Linda Laderman grew up in Toledo, Ohio. She earned an undergraduate degree in journalism from the E. W. Scripps School of Journalism at Ohio University in Athens. Her news stories and features have appeared in media outlets and magazines. Her poetry has been published in a number of journals, including The Scapegoat Review, The Write Launch and 3rd Wednesday. Her poem, War Ghazal is forthcoming in Writers Resist. Linda currently lives in the Detroit area, where for the last decade, she volunteered as a docent at the Zekelman Holocaust Center.

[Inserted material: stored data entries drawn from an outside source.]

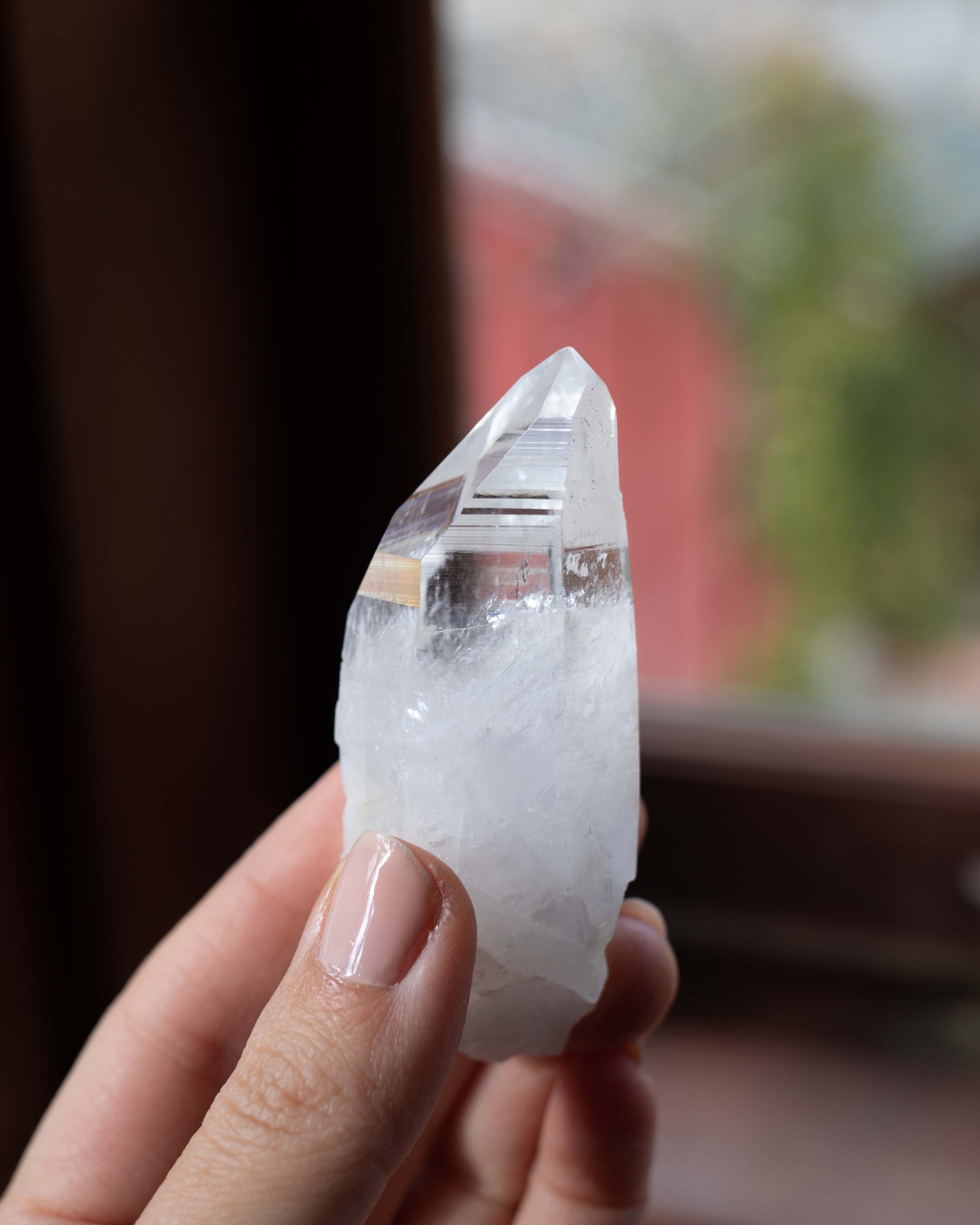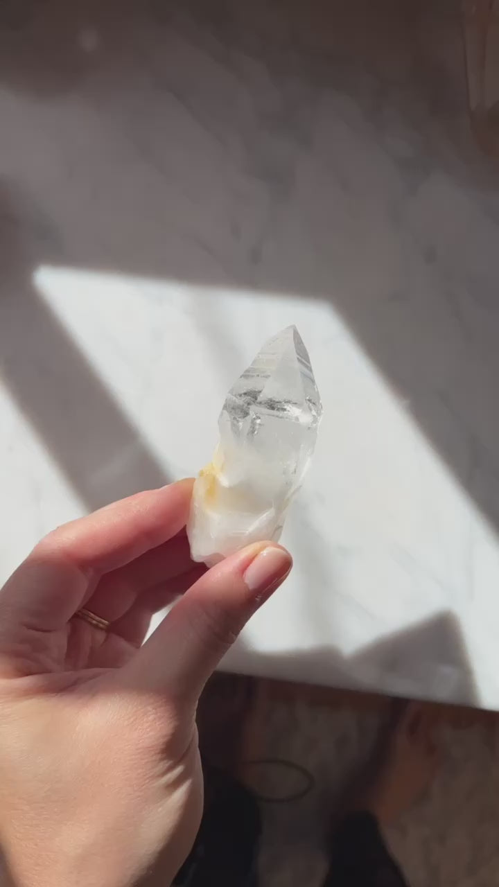 This piece is also known as a Lemurian, with groves and ridges around it. It is believed to have lemurian crystal energy, incredible clarity & believed to be connected to the ancient / mythical lemurian culture.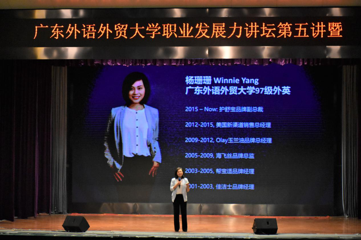 4月12日晚,伟德bv国际体育职业发展力讲坛第五讲暨宝洁大学公开课在南校区B8学术报告厅举行。宝洁大中华区女性护理品类副总裁杨姗姗作题为“电商新纪元”主题讲座,就电商发展趋势、老牌子如何融入电商以及如何赢在新零售三个方面进行分享。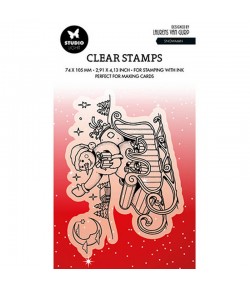 11 tampons transparents. A utiliser avec encreur et bloc acrylique. Dimensions de la planche : environ 10.5 x 14.5 cm.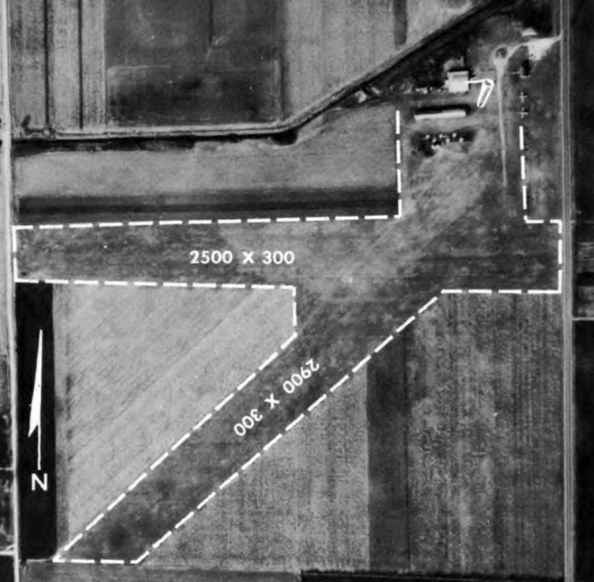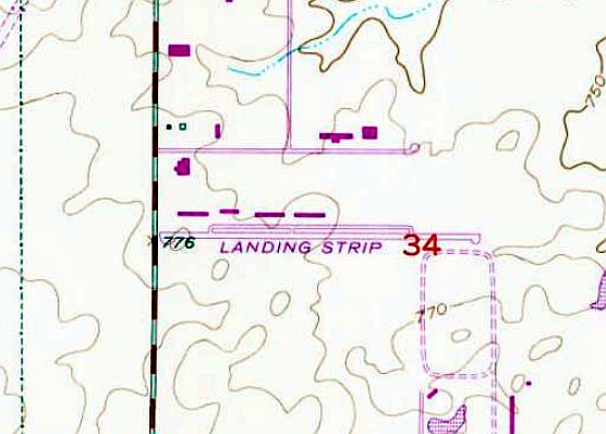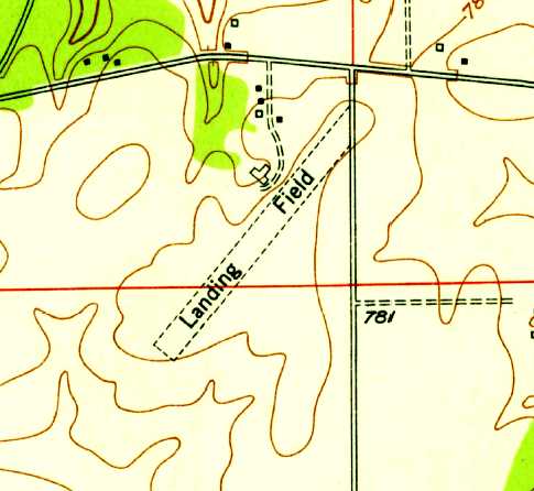 It depicted a single unpaved east/west runway, with a small building on the southeast side.

Three Poems by Melinda Coppola

Mercy

What if we had drills,
not just for disasters, fires
and hurricanes, not just
for active school shooters
and any possible terrorisms
both foreign and domestic,

what if we had rigorous
training in kindnesses:
how to recognize them incoming,
start a volley with the perpetrators.

Imagine preparations
for frequent barrages
of mutual respect,
muscle building
and visual exercises
to increase aim with
arrows of understanding,
rehearsals in how to see
oneself
in another,

and, at last,
commonwealths of decency
brigades of beneficence,
great infantries of amity,

drilling to hone skills
of making, and giving,
and keeping,
peace?

*

Seeing Through

In the summer, after rain,
six years since our last. Meeting
over mint iced tea this time her weary
eyes, careless gray hair fell, heavy,
onto drooped shoulders. The blouse
so inappropriate, I thought, seeing
right through it. A woman should
wear a nice bra at least, I thought, seeing
right through.

I hadn’t wanted it, this awkward date.
She’d caught me off guard with her call.
These days I loathed forced smiles,
cheeriness that smothered the bare
truth of my life. Avoided Let’s have coffee
at all costs. Off guard.
I tried not to look again at her
tasteless I thought again bra
that wisp of a blouse on one her age
seeing through it. Right through.

Focused now on her thin lips, feeling
downright mean
I made to-do lists in my head
as she went on and on trying
to reach a point, perhaps, or find words
…died….I heard her say
murdered in his apartment. They think
my heart skipped a beat
it was a random burglary he
shame crept crimson into my selfish
was to be twenty the next day.
Her eyes bore holes into my skin, words
peeled away my feeble layers. Seeing right through.

*

Saved

It is a blessing
to find those things
that save us
in small ways.

At the checkout counter
a teenaged boy
offered to carry groceries
for an old couple.
They said yes,
and I was quietly saved.

*

Melinda Coppola has been writing in some form for nearly five decades. Her work has been published in several magazines, books, and periodicals including I Come from the World, Harpur Palate, Kaleidoscope, The Autism Perspective, Spirit First, Chicken Soup for the Soul, Welcome Home, and Celebrations. An artist, Yoga teacher and mom to an amazing daughter with special needs, she enjoys infusing her work of heart with her voice as a poet.
Melinda nourishes her creative spirit with singing, early morning walks, collecting and making art with beach stones, cooking, spending quiet time with her husband and daughter, and communing with her cats.